● **TASK REQUIREMENTS**
In the data below, find each line containing the string "Women" and return it.

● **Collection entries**
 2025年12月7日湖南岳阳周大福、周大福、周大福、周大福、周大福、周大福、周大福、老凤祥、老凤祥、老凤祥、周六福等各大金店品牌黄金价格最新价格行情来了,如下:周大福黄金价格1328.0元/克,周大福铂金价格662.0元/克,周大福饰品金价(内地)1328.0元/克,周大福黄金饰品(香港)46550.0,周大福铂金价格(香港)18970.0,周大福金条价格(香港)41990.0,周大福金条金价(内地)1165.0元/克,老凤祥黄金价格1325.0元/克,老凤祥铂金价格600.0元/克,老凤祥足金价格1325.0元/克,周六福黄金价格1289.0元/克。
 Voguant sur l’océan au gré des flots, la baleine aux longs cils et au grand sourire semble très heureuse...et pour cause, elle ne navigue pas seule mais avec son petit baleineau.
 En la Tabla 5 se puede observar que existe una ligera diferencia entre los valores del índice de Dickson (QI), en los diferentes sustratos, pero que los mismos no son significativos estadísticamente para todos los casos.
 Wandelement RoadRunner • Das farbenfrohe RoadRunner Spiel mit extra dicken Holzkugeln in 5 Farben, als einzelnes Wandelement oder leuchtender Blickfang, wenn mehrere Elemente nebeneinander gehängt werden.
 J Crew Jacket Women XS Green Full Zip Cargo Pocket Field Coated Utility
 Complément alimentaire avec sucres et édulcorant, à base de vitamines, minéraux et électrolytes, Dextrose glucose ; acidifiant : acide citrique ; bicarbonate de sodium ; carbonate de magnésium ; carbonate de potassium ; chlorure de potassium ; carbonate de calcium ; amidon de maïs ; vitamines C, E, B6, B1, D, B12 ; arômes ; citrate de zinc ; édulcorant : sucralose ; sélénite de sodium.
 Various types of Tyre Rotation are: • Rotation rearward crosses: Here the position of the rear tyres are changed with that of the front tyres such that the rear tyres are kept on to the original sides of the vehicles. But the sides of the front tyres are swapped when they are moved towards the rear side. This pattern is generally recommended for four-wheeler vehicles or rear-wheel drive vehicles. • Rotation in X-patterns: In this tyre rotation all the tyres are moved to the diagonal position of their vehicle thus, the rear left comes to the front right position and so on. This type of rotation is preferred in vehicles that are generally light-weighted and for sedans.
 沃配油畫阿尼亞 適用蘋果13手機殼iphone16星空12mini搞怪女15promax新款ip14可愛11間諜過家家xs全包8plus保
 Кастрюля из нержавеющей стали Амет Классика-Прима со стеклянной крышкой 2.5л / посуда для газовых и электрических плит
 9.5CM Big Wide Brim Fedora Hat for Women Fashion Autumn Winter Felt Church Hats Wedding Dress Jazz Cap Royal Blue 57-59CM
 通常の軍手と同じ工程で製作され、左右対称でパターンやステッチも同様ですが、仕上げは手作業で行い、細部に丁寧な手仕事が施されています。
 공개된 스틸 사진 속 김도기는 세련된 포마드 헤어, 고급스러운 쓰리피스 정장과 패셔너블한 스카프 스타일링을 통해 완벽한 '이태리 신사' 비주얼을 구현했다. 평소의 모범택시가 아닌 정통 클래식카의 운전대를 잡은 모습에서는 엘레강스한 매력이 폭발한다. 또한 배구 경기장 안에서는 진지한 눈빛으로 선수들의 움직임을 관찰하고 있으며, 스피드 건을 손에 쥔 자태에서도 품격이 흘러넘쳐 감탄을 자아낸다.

● **SOLUTION TO THE PROBLEM**
 J Crew Jacket Women XS Green Full Zip Cargo Pocket Field Coated Utility
 9.5CM Big Wide Brim Fedora Hat for Women Fashion Autumn Winter Felt Church Hats Wedding Dress Jazz Cap Royal Blue 57-59CM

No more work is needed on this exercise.